Звенья цепи

Виктор Кочетков
                Пролог

          Тускло мерцала ночь. Хутор спал, погруженный в безмолвие. Черные тени домов лежали в окружении цветущих садов. Ясное прозрачное небо светилось отблесками созвездий. В глухой полночной тишине раздавался лишь робкий свист одинокого филина, да монотонное гудение кружащейся мошкары. Ветлы и клены стояли сонными призраками, колыхая листвой и тонко поскрипывая ветвистыми кронами.
         Леса вокруг раскинулись бесконечными далями. Край топких болот и кристальных озер утонул во мраке. Где-то в самой глуши заповедных кущ, среди сплетений вьюнов и стланика цвел загадочный, волшебный цветок папоротника. Ведьмы слетались на свой дикий шабаш, нечисть из замшелых гнилостных падей выбиралась на гульбище, сонмы нетопырей, прекрасных русалок и полудниц собирались на лесной поляне. Разжигали жаркие костры, творили бесчинства, веселились и визжали, в безумной свистопляске принося кровавое жертвоприношение. Стояла ночь, та самая ночь Купала.
         Василий шел немного хмельной, раззадоренный и радостный. Сегодня наконец он исхитрился, сумел поцеловать, вернее, чуть коснуться губами ее мягкой бархатной щеки. Собирались отроки на опушке за селом, натаскали бурелома, возвели шатер из дров, запалили пламя. Хороводы вокруг бушующего огня, игры, прятки. Заливались свирели и бубны, грохотали барабаны, звенели колокольчики. Улыбки сияли на лицах красавиц, а ребята в чистых посконных рубахах и новых кожаных поршнях вышагивали горделиво и важно.
         Он не сводил глаз с Алёнки, самой бойкой и притягательной юницы на свете. Не видел никого кроме нее, восхищался дивной статью, чудной неземною красой. Плыл вместе с нею в плотном широком круге, взирая нежно и робко, растворяясь в потоке пляшущей молоди. Дева блазнила, сверкала очами, крутила расшитым бусинами подолом, била каблучками оземь, смеялась заливисто, игриво. Василий таял под ее взором, шел вприсядку, вместе с дружками заводил озорной перепляс. И не мог совладать с собой, завороженно глядя на смеющуюся лукавую девицу.
         Всем хороша Алёнка: и бела, и работяща, и пригожа. Светится зарей, будто соткана из солнечных лучей. Мать ее Услада далеко за порубежьем красою славится, всю прелесть девке отдала, все забавушке своей завещала. Муж Горыня, лучший княжий ратник, погиб в жестокой сече с половцами-кипчаками.
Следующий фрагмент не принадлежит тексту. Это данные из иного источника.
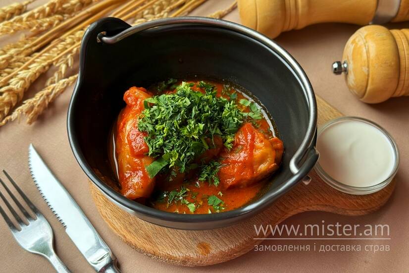 Фарш, відварний рис з цибулею закручені в капусті та тушковані в томатному соусі з цибулею та морквою. Посипається укропом. Подається із сметаною
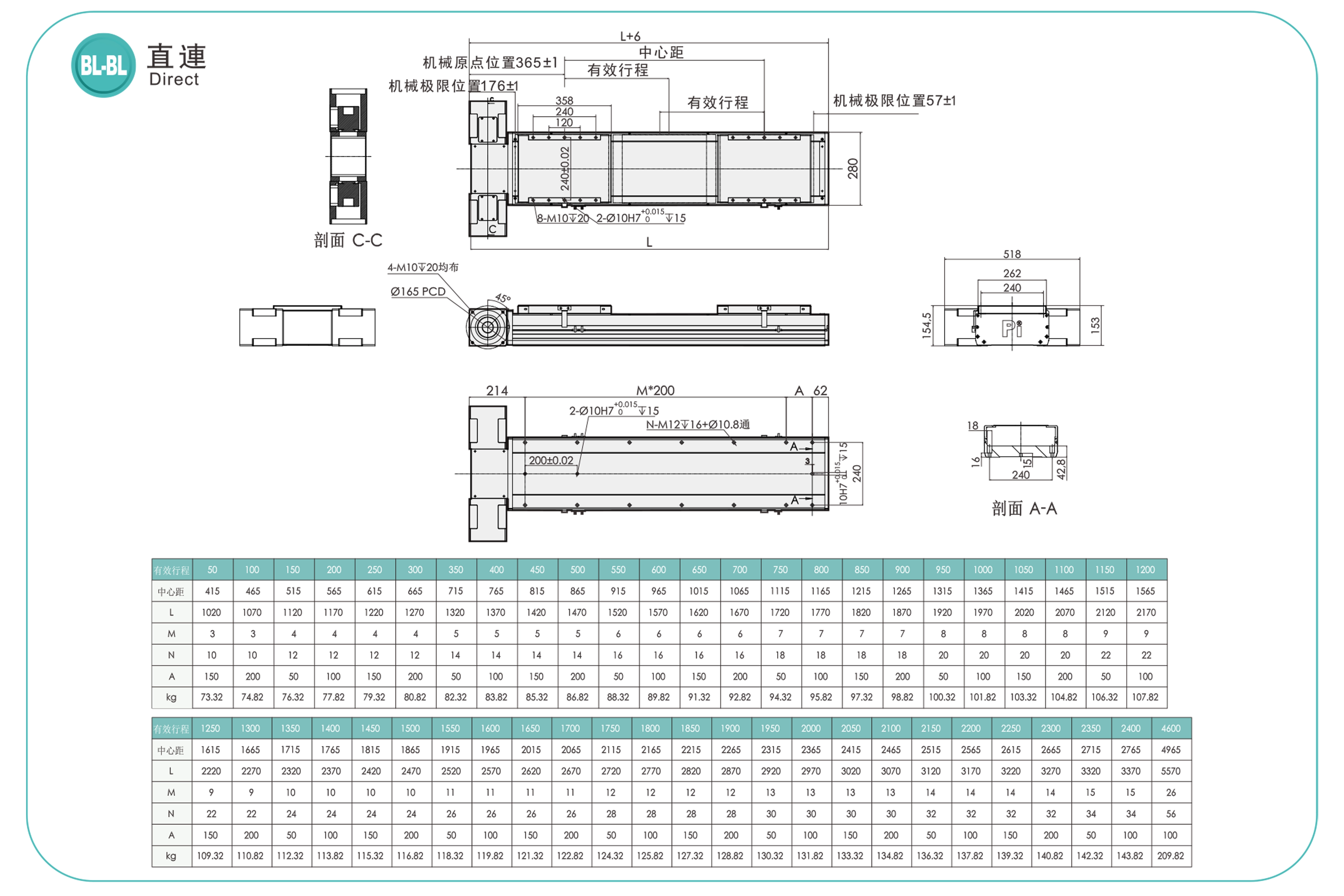 水平載重:200公斤
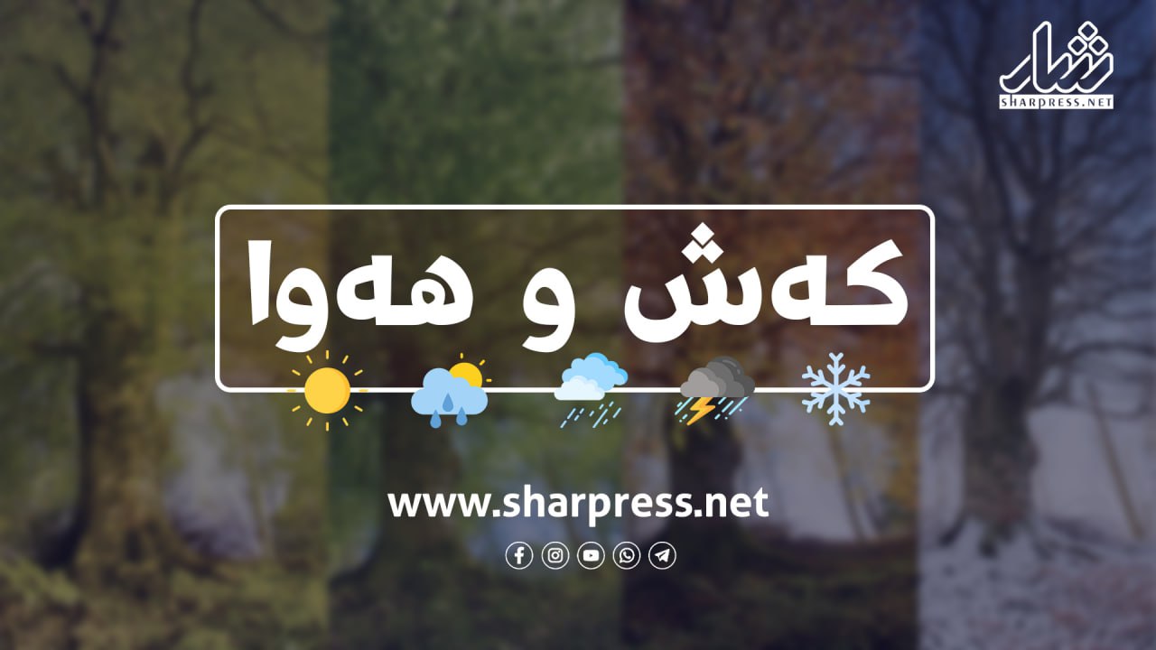 شارەزایەکی کەشناسی ڕایدەگەیەنێت، لەسبەی نیوەڕۆوە بەفربارین دەگاتە سەنتەری بەشێک لەشارەکان و پلەکانی گەرما زۆر نزم دەبنەوە.
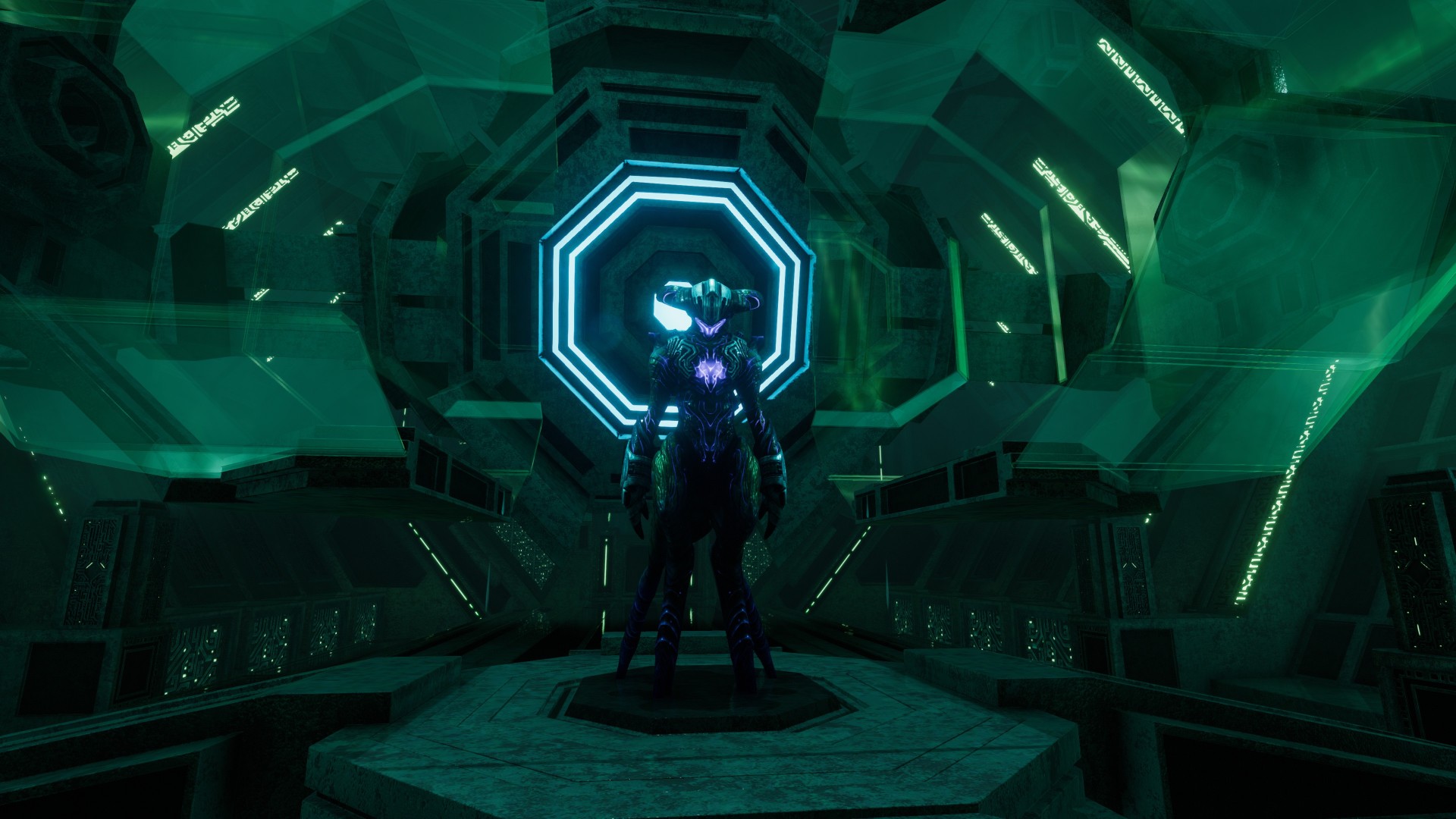 The center of the huge cavern has a doorway that you can enter to reach the Fabricator Base. You’ll see a console straight ahead and three panels to your left. The panels off to the side are where you’ll place materials that will be used to construct Al-An’s body parts:

Одни с дочкой остались, не было детей больше. Да бабка, старая Рогнеда, с ними на печи век вековала. Слава дурная за ней шла, кудесницей была старуха. Гости богатые наезжали, прибытку для себя просили, серебром одаривали. Не отказывала Рогнеда никому, всем в делах темных помогала. Ночами окутывалась избушка туманом, дым из трубы черный, смоляной. Выходила в поля, стригла дорожку во ржи, колосья путала. Видели ее в самых неожиданных местах, в банях в виде кадушки дубовой, а то и среди стада волчицей вдруг обернется, завоет жутко, всех коров распугает, пастушка до обморока доведет. Говорили, может она младенцем прикинуться, плачем к себе подманить. Кто на руки возьмет и седмицы не протянет. В страшных мучениях с жизнью расставался человек.
         Трогать Рогнеду нельзя, княжьи оружники хутор спалят тогда, а жителей засекут. Боялись старухи пуще проказы. Но хворь когда или нужда, шли с поклоном. И помогала кудесница, привечала ласково. А что шалила ночами, пугала хуторян, на то глаза закрывали.
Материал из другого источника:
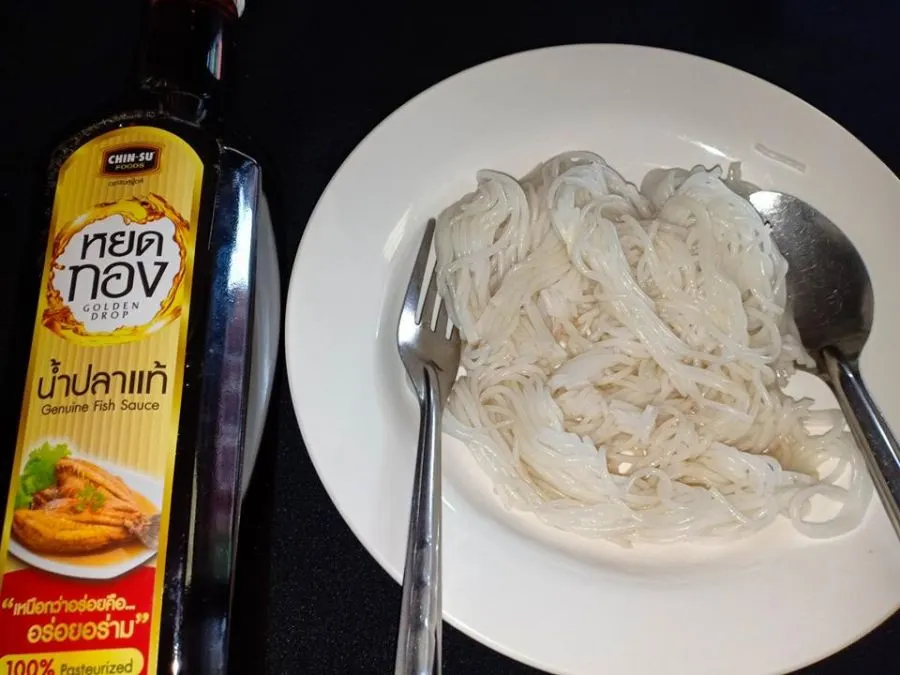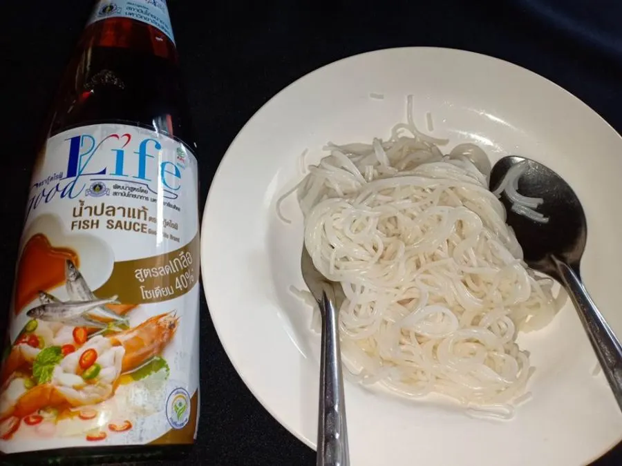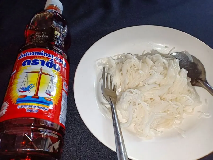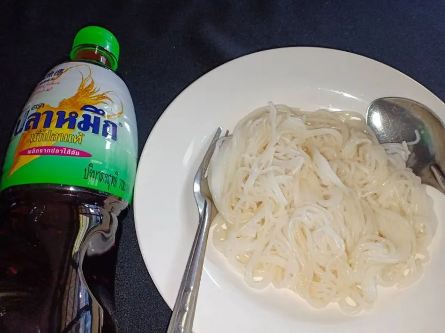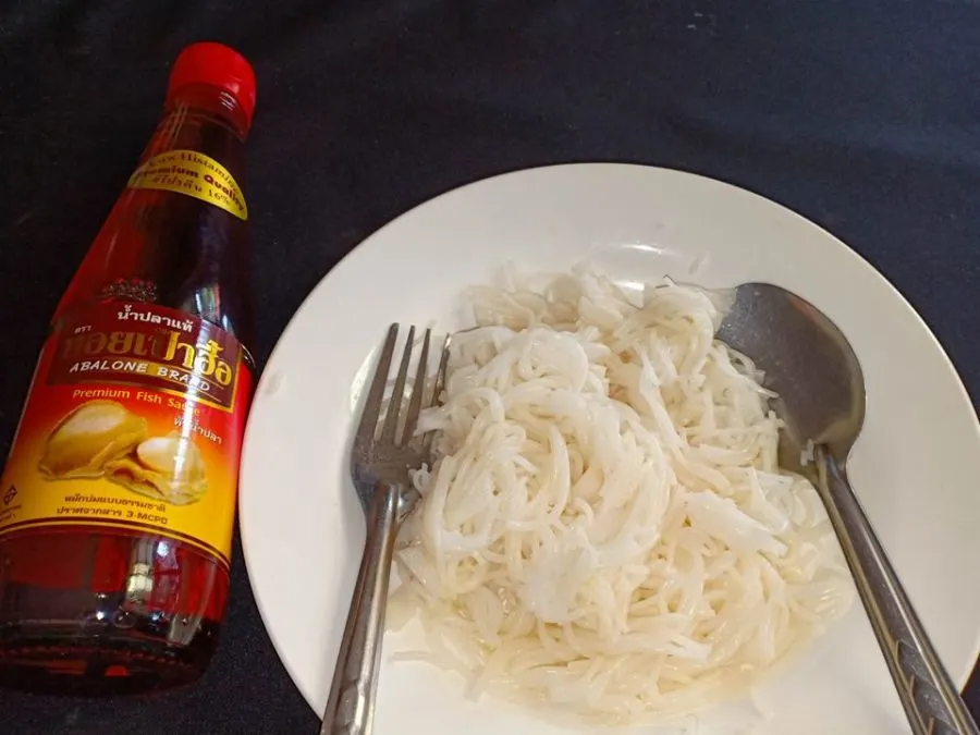 #น้ำปลาตราปลาหมึก ความเค็มเคลืบเส้นดี แต่พอเคี้ยวๆซักพักความจืดๆ
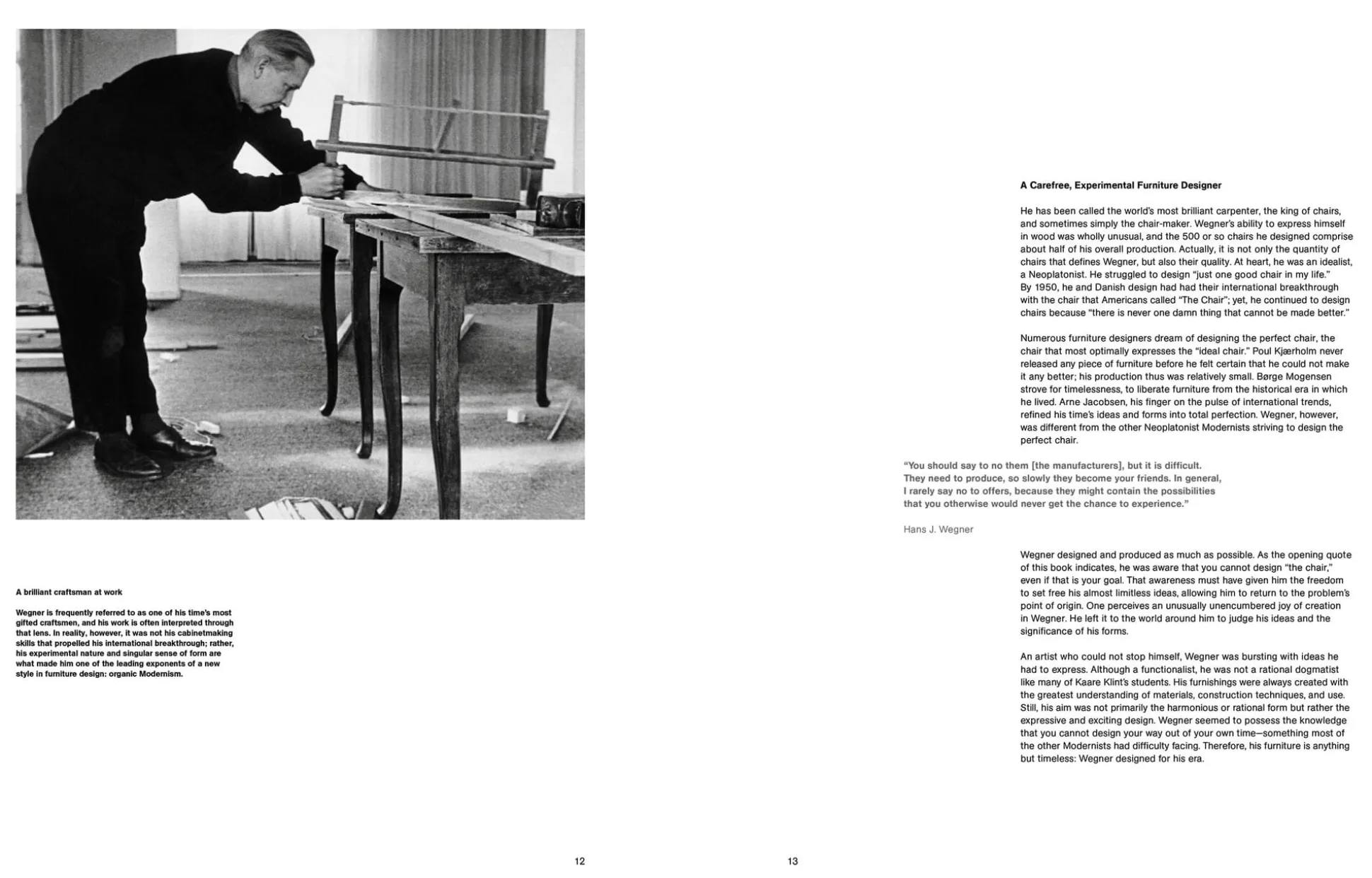 The name Hans J. Wegner (1914–2007) is inseparable from his unrivalled chairs, which helped Danish design to achieve its international breakthrough. Every design fan has his or her favorite from among Wegner’s approximately five hundred creations. Today, there is a hardly a glossy interior design magazine that does not include an illustration of the elegant China Chair (1943) or the Y Chair (1950), and even John F. Kennedy sat on his Round Chair, which is now simply called The Chair (1949). Trained as a furniture maker, Wegner usually made his prototypes himself by hand, using traditional joinery techniques such as tongue-and-groove or finger joints. In the process he pushed the limitations of wood, giving his designs an unmatched elegance. His sense of humor did not fall by the wayside, either, as evidenced by his splendid Peacock Chair (1947) or the masculine Ox Chair (1960), that latter of which is available with or without horns.

         Знал Василий про это, но не верил, что Алёнка в бабку пошла. У него семья большая, справная. И монеты золотые батюшка в тайнике держит. Надеялся он после жатвы хлебов женитьбу сыграть, забрать девку в свой дом и жить радостно. А там и чада появятся, да погодки, один за другим. Будет ему счастье с любушкой своей.
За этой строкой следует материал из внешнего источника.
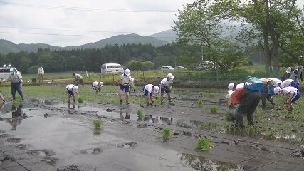 上郷小学校の児童たちが田植え体験をした様子が届きましたのでお伝えします。上郷小学校では毎年、米づくりを学ぼうと総合的な学習の時間を使って稲作学習を行っています。この日は、5年生と6年生の児童合わせて14人が地元の農家、菊池正則さんの田んぼに「ヒメノモチ」という苗を植えました。田植えが始まると児童たちは、ぬかるみの中に裸足で入りその独特な感触に歓声をあげながら作業を進めていたということです。なお、上郷小学校では秋に稲刈りをしてその後は、夢産直かみごうで収穫したもち米やそのもち米で作った大福、切り餅の販売体験を行うということです。
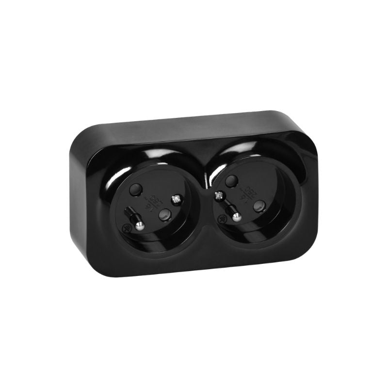 Prise Double avec Terre Saillie - Noir

         Идет отрок мимо спящих изб, мимо распустившихся рябин и зарослей дикого крыжовника. Представляет грядущее, радуется силе молодецкой, упоенно вдыхает свежий, настоянный на медовых травах воздух, улыбается сам себе. Вот и ее дом. Покосившаяся соломенная крыша, а стены крепкие, сосновые. Оконца слюдяные ставенками прикрыты. Спит голубица, сны девичьи, воздушные видит. Может и о нем вспоминает. А он здесь, рядом совсем, до зари ждать готов, только бы возле любы ненаглядной…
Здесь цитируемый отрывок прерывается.